ESTONIA AND THE ART OF DIGITIZING PROCESSES

Written by EVoting Communications / 07 de Agosto del 2023

Can you imagine a country where you can do 99% of your paperwork online? This would mean saving you from waiting in lines and waiting in person for paperwork that in most countries would take a long time. In Estonia this is a reality and is an example for the rest of the world.

Since the 1990s, Estonia has advanced in the digitization of processes, achieving to date that its citizens can perform 99% of the procedures online, but what is the reason for this achievement?

Let’s start at the beginning. Upon regaining its independence from the Soviet Union, Estonia had to rearm and create a new country from scratch.

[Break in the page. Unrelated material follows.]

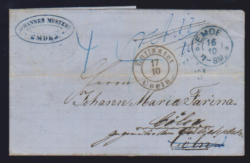 "Emden", 1864, blauer K2 nebst schwarzem K2 "ENTLASTET COELN" auf Retourbrief nach Köln (neu versandt mit korrekter Adresse)

This coincided with the growing development of computers and this was where an opportunity to move towards innovation was seen.

The government opted for early digitization with resource savings in mind, bearing in mind that, in the long run, doing everything on paper would be more costly than doing it online. In 1993, citizens received their Identity Numbers, which would be the basis for further development.

The real revolution came in 2001, when the Digital Identification (eID) and X-Road were implemented, which were vital for further development.

The eID serves to validate before the state or a private party that you are who you say you are. In addition, it allows you to sign documents online and is just as valid as signing them on paper, basically it works as a digital identity card.

X-Road is a data infrastructure, where the private and public sectors can exchange data securely and transparently. This exchange layer provides interoperability that enables a unified standard.

A basic example: in most countries in the world, different government offices have different information systems and do not connect with each other. Data is not passed from one agency to another. This means that every time a citizen wants to carry out a procedure, he or she has to reiterate his or her data in different places.

With X-Road this process is simplified. The information you provide, whether to a private or public entity, is stored here and you will not be asked for it again. This works under the “Once Only” policy, which dictates that if you have already given some of your personal information to the government, you don’t have to repeat it because they already have it.

With this, it was possible to digitize health records, improve the tax system, streamline daily procedures and it is even estimated that the country saves 2% of the gross domestic product annually.

Is this applicable to other countries?

The former National Digital Advisor of Estonia, Marten Kaevats, mentions that the difficulty of extrapolating this way of life to other countries is not technical, but rather cultural.

He proposes that citizens still look with suspicion at almost total digitalization and that, as society’s confidence in these mechanisms is consolidated, the process will be more bearable and simpler to apply.

“It has nothing to do with technology, it has everything to do with people’s mentality and culture. In technological terms, this change is very fast, but from a cultural perspective it takes time,” says Kaevats.

In conclusion, the former National Digital Advisor of Estonia maintains that change is possible and it is essential to make it, but that it implies a cultural and social transformation, where digitalization is accepted as a secure and transparent mechanism.